"Get your facts first, and then you can distort them as much as you please." (Mark Twain)

Wednesday, September 14, 2005

Accountability Moments 

Once again - or, more accurately, twice again - Republican members of Congress have made it clear that they will not allow themselves to be distracted by those who want to play the "blame game," or otherwise insist that they do their goddamn jobs.

First, on a party line vote (54 Republicans vs. 44 Democrats and one independent) the Senate rejected the establishment of an independent commission to investigate the government's response to Hurricane Katrina. The proposal, offered by Hillary Clinton, would have created a bipartisan panel modeled on the 9/11 Commission to investigate "what went wrong with federal, state and local governments' response" to the disaster. The idea enjoys broad popular support:
In a CNN/USA Today Gallup poll taken Sept. 8-11, 70 percent of those surveyed supported an independent panel to investigate the government's response to Katrina. Only 29 percent were opposed.

The Republicans prefer a pachyderm-controlled Congressional committee similar to the one created to investigate the Iran-Contra conspiracy (and we all saw how effective that body turned out to be).

Not to be outdone, the House Judiciary Committee likewise scuttled an attempt to compel the Attorney General to disclose information regarding the Valerie Plame case. Congressman John Conyers (D-Mich.) writes:
This resolution was opposed by every Republican voting, and was defeated on party lines, 15-11. When opposing this vote, Republicans explained that we should not look into a matter that is being investigated by the Justice Department. This excuse may sound like a broken record by now. That is not and has never been our standard. This year alone, Congress has held hearings on allegations of criminal misconduct in the United Nation's Oil-for-Food Program; the same misconduct being reviewed by the U.S. Attorney for the Southern District of New York.

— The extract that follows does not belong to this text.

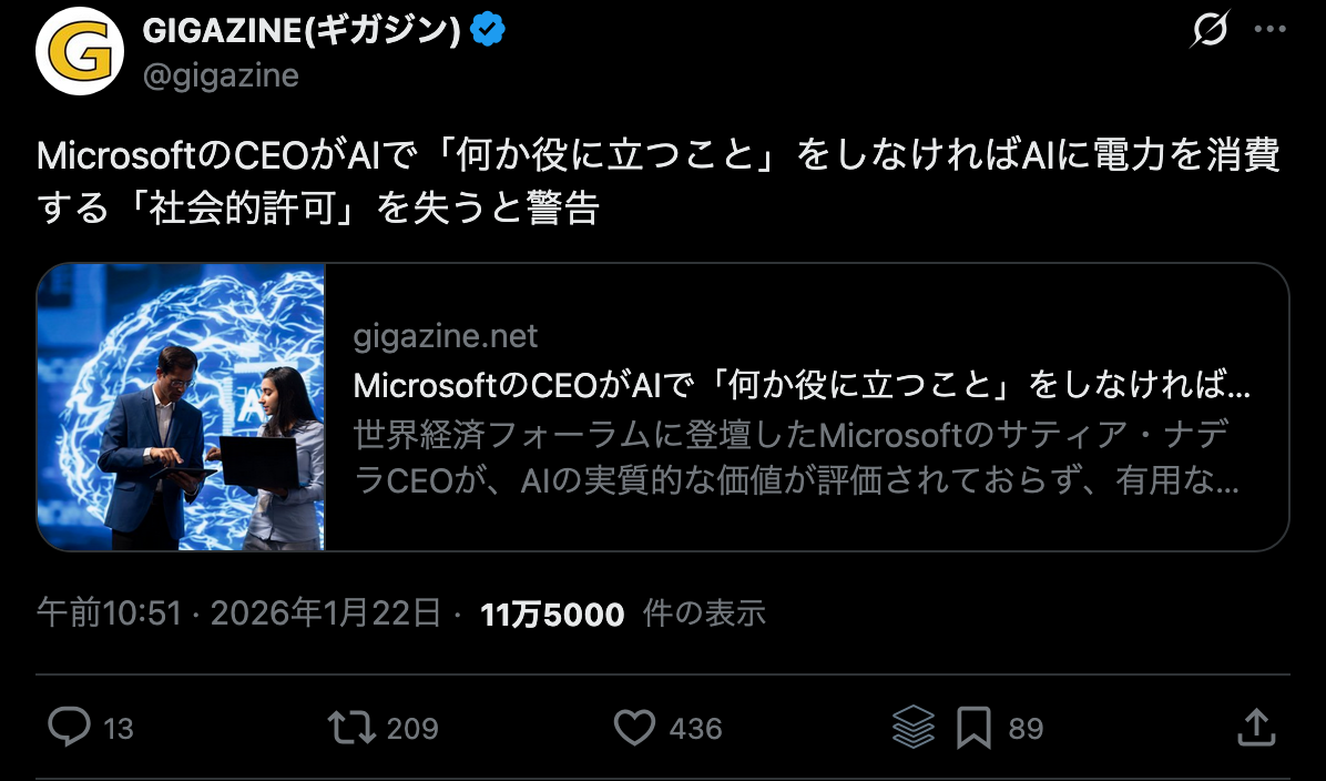 | … | 23無念Nameとしあき26/01/24(土)09:18:19No.1382292124+そういうのはAI産業でトップに立ってから言わないと⋯ |

Congress also has been looking into the Jack Abramoff scandal at the same time as the Justice Department. Let us not forget the endless hearings held in this Committee and others on alleged Clinton-Gore campaign finance violations, the Whitewater claims, and Clinton White House Travel Office firings. These were matters all under Justice Department review at the time of our hearings.

And so dies another lame excuse, utterly unmourned.